Als Frank Rijkaard, der Trainer des großen EM-Favoriten neulich gefragt wurde, ob er sich in der so genannten "Todesgruppe" vor irgendeinem Gegner fürchte, hat er gesagt, dass er ein bisschen Angst vor den Dänen habe. Rijkaard: "Bei denen weißt du nämlich nie, was sie machen.

Als Frank Rijkaard, der Trainer des großen EM-Favoriten neulich gefragt wurde, ob er sich in der so genannten "Todesgruppe" vor irgendeinem Gegner fürchte, hat er gesagt, dass er ein bisschen Angst vor den Dänen habe.

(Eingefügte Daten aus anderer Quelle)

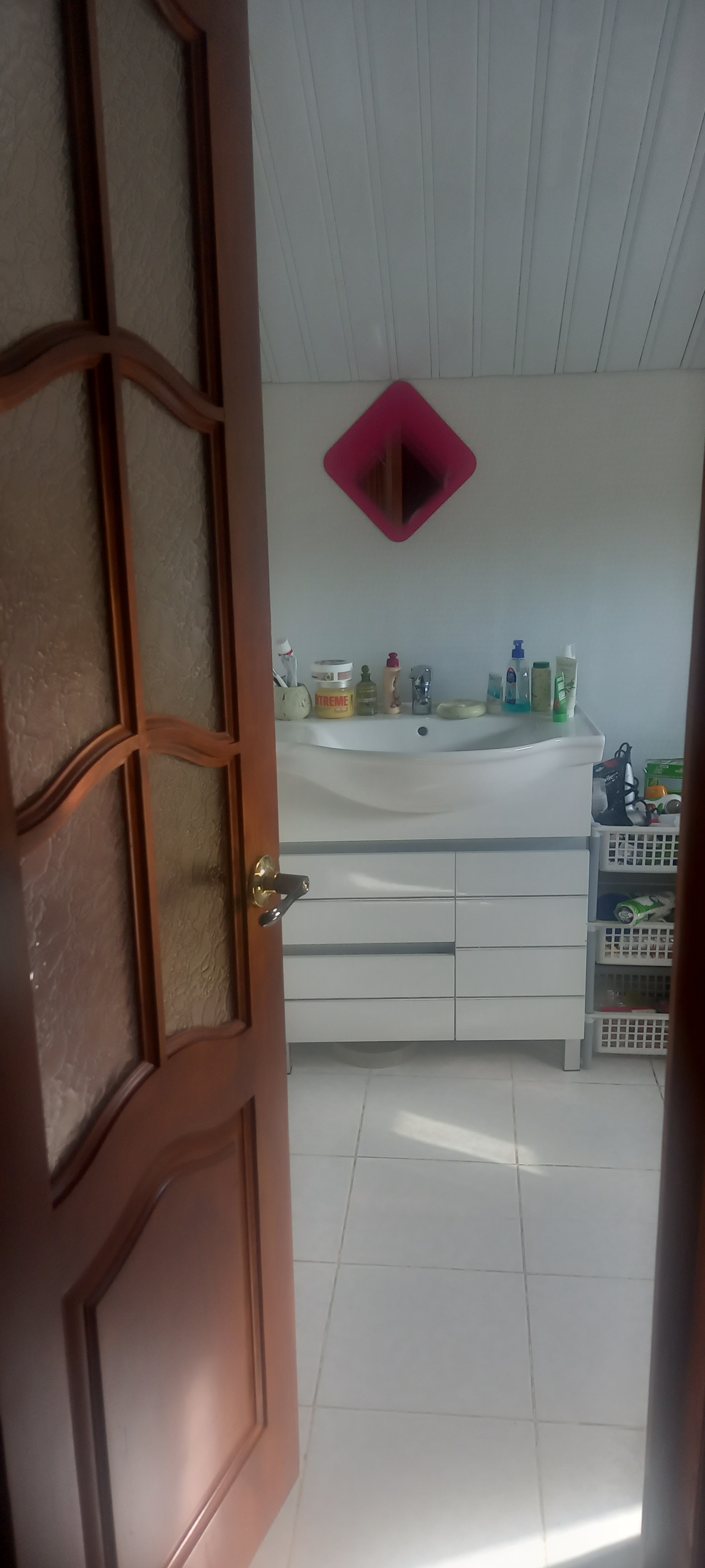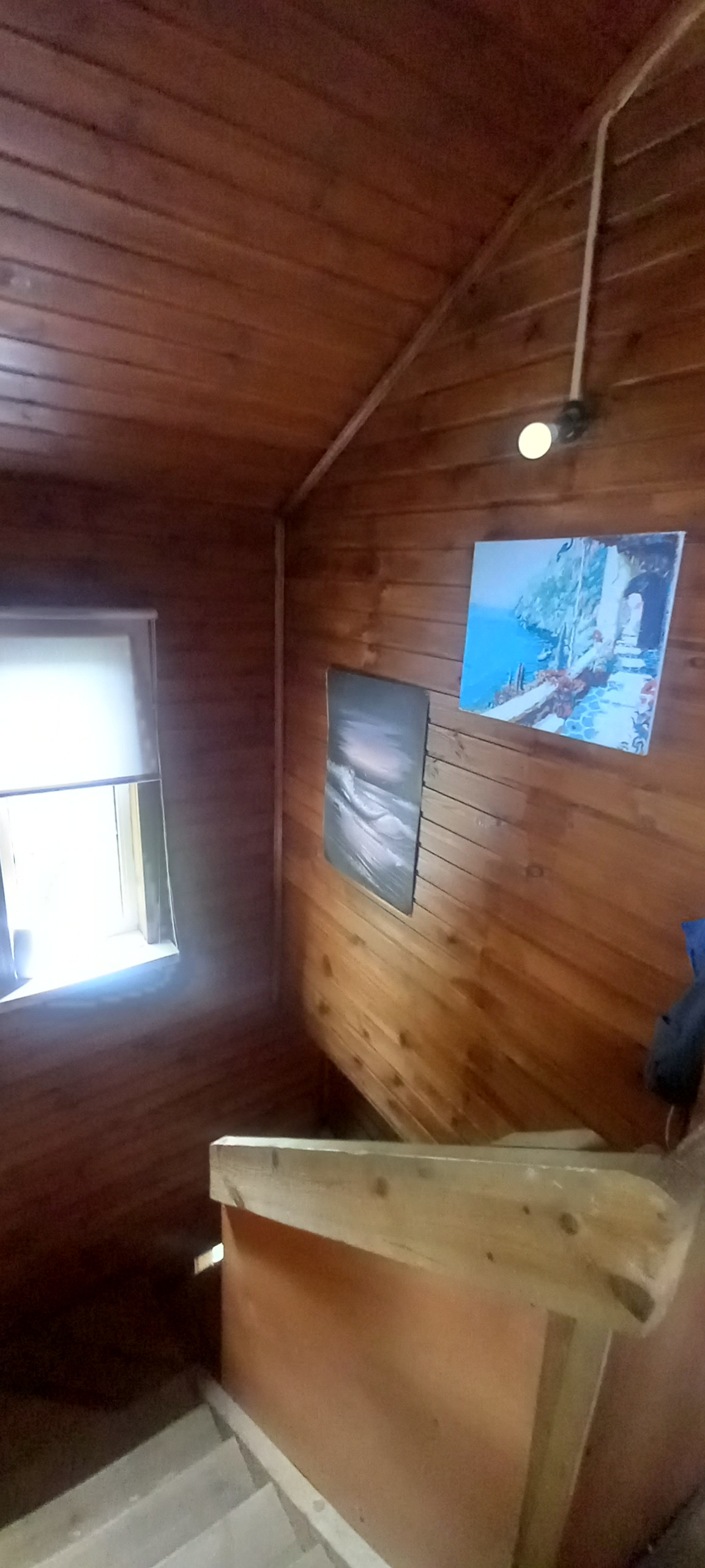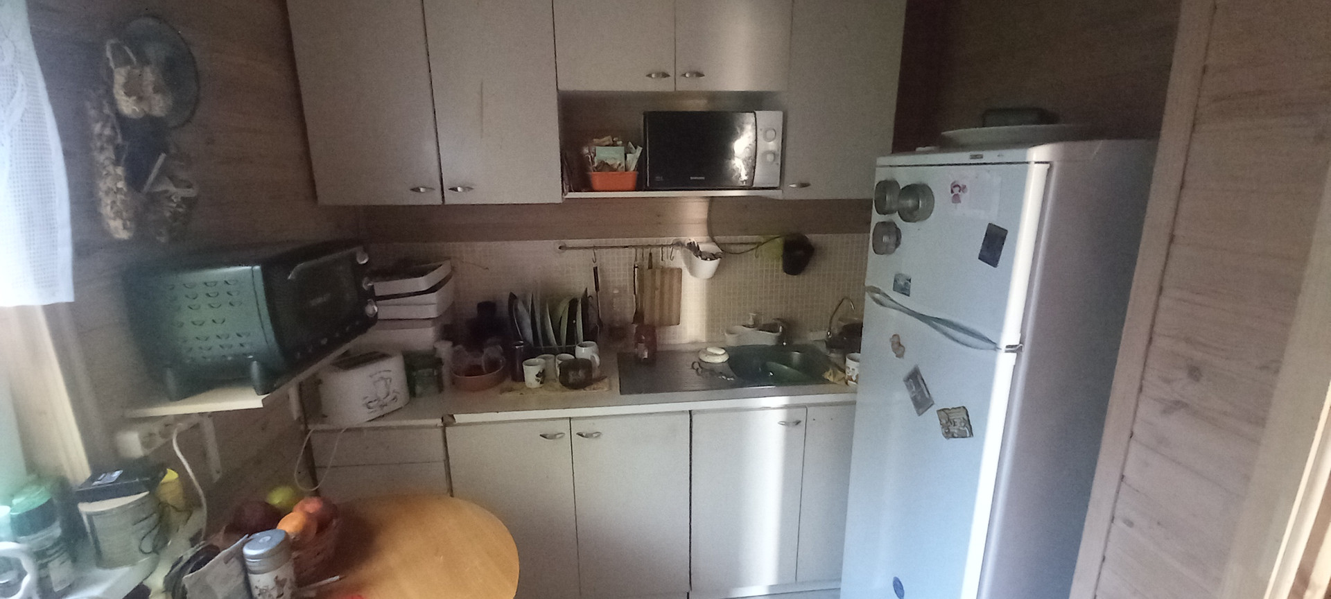 В доме два этажа.На первом размещена котельная с инженерным оборудованием(ввод воды в дом),большая гостинная 20 кв метров,туалети кухня.На втором этаже летний балкон,2 спальни,большая душевая комната с унитазом,раковиной и душевой кабиной и кладовка,оборудованная полками для хранения.
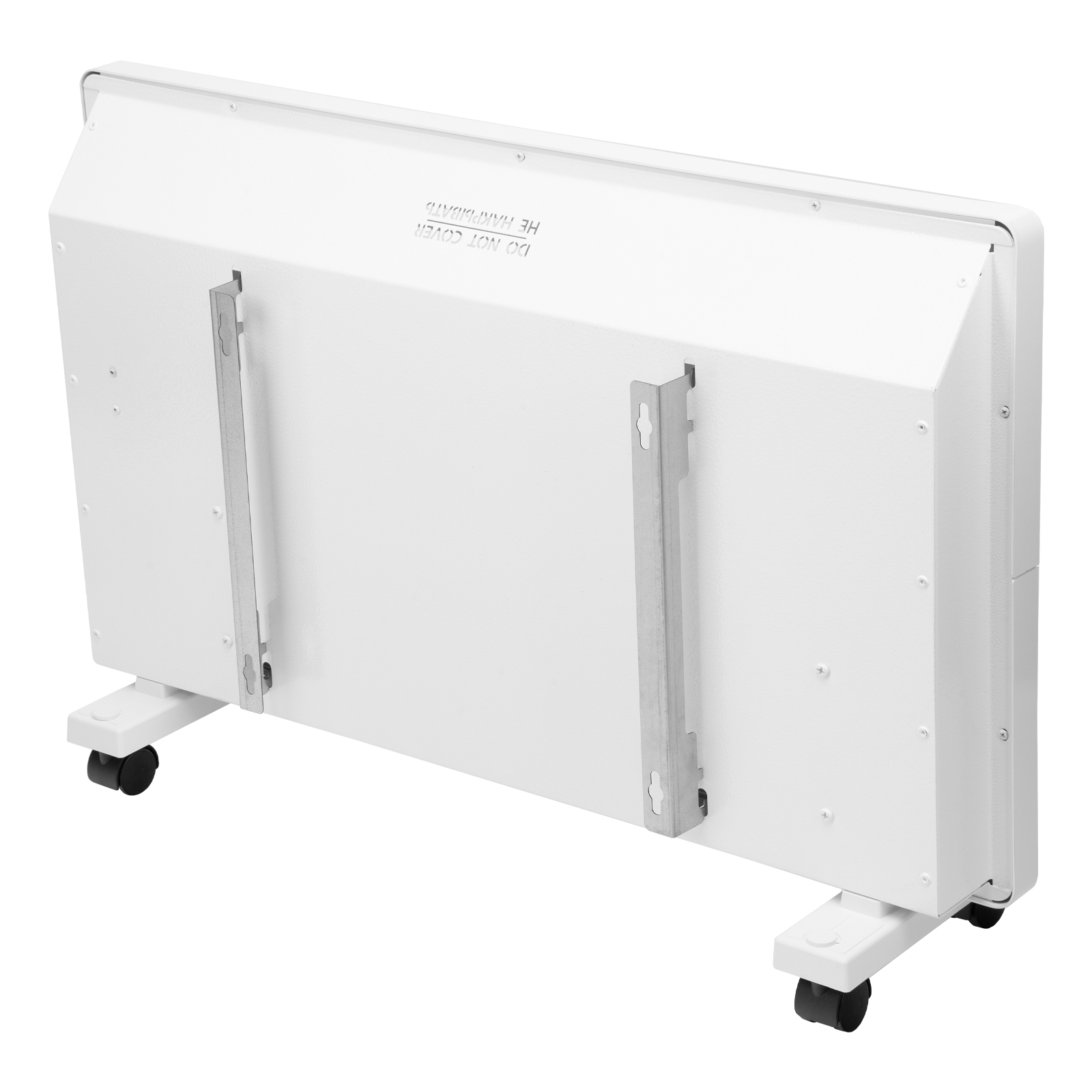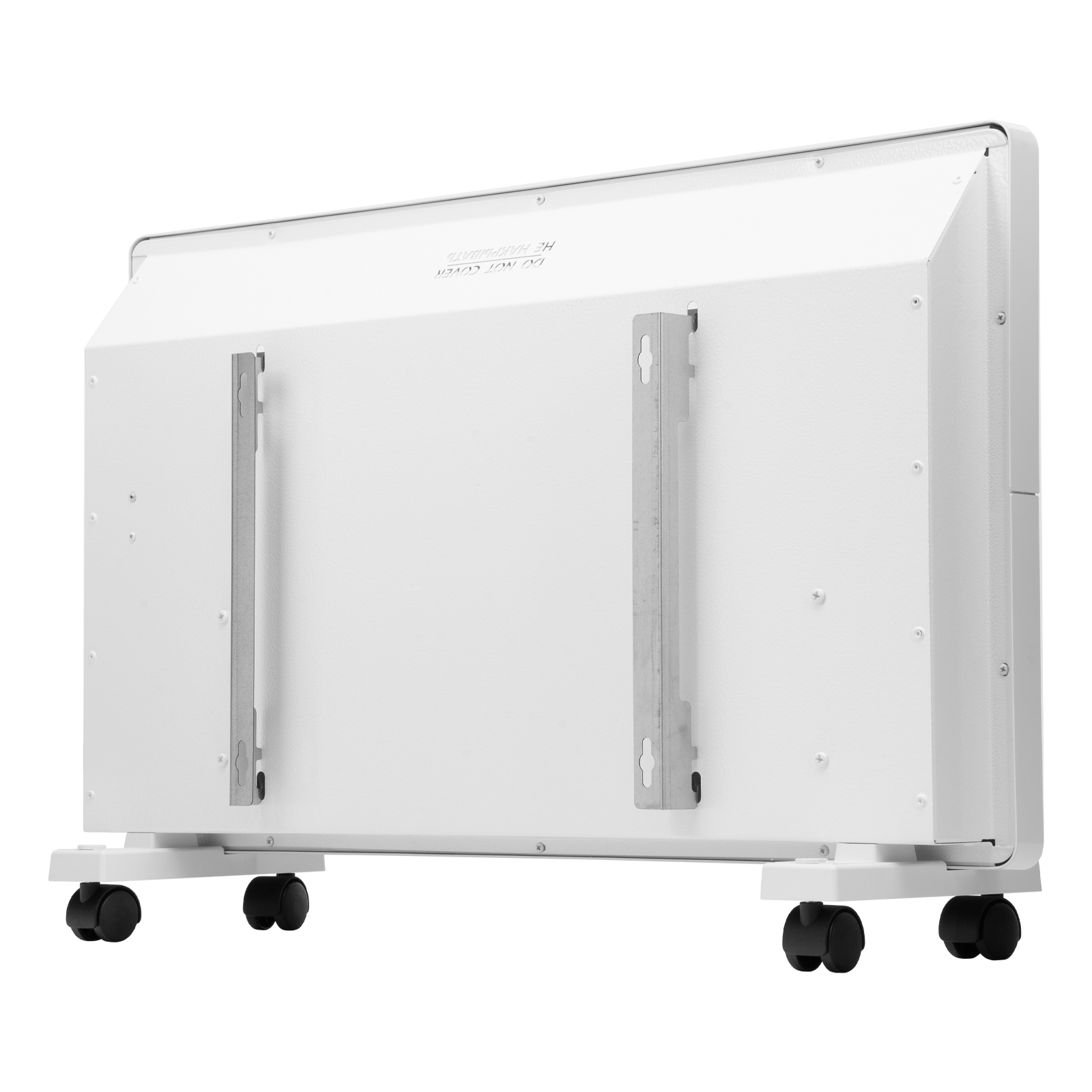- Два варианта монтажа — конвектор можно расположить на полу или повесить на стену (колесные пары и кронштейн входят в комплект поставки).

Rijkaard: "Bei denen weißt du nämlich nie, was sie machen." Die Konstellation mit den Champions aus Frankreich, Vize-Europameister Tschechien und den geheimen Weltmeistern Niederlande erinnert schon ein bisschen an den größten Clou von "Danish Dynamite" 1992, als der lustige Überraschungsgast der EM-Party von Schweden allen Großen eine lange Nase drehte: zum Schluss im Finale auch den siegessicheren Deutschen.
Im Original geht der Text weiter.